Sichtbare Veränderung des Marktes in Malta

Es gibt viele Anzeichen, dass sich die Wirtschaft gerade in einem Wandel befindet. Nicht nur die offenen Stellen, die einfach nicht nachbesetzt werden können. LeoVegas hat beispielsweise einen bereits unterschriebenen Vertrag nun storniert. Die Pläne in ein größeres Gebäude zu ziehen wurden ersatzlos gestrichen und man hat dafür lieber eine Vertragsstrafe in Kauf genommen. Ende letztes Jahr hat Yggdrasil bereits verlauten lassen, dass man das Büro in Malta schließen wird. Leider konnten keine Mitarbeiter mehr für den Standort gewonnen werden und daher zieht man um nach Polen.

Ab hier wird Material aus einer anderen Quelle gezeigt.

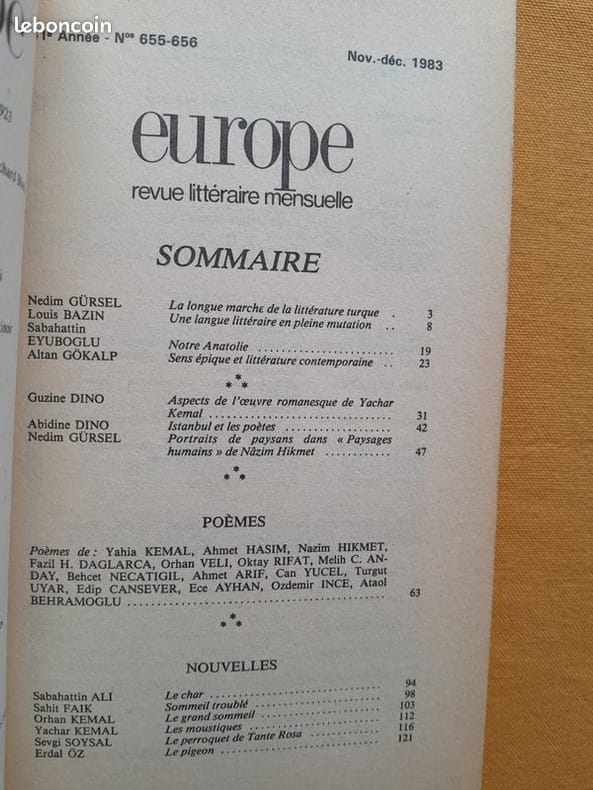 1983 Paris, revue Europe,1983, in huit, 236 pp, broché,

Die Regulierung vieler Märkte in Europa tut nun sein Übriges, denn im Gegensatz zu früher ist es nun möglich in vielen anderen Ländern der EU eine offizielle Lizenz zu erhalten und am regulierten Markt teilzunehmen. Mitarbeiter können somit in dem Zielmarkt leben und arbeiten und man muss nicht mehr umziehen dafür.

Zukünftiges Leben auf Malta

Die meisten Unternehmen werden nicht wie Yggdrasil das Land sofort verlassen. Aber die Büros werden kleiner und dafür werden viele abwandern in andere Länder, in denen sie arbeiten und für die sie zuständig sind. Ob der Plan der Regierung sich als Blockchain Hub zu positionieren dann so aufgehen wird ist noch fraglich. Denn die Probleme vor der Die iGaming Branche gerade steht, sind branchenübergreifend. Und solange immer wieder neue Schlagzeilen über dubiose Geschäfte aufkommen wird es auch nicht attraktiver.

Der Tourismus bleibt auf jeden Fall bestehen, aber die Touristen allein werden die Wirtschaft nicht so am Leben erhalten können.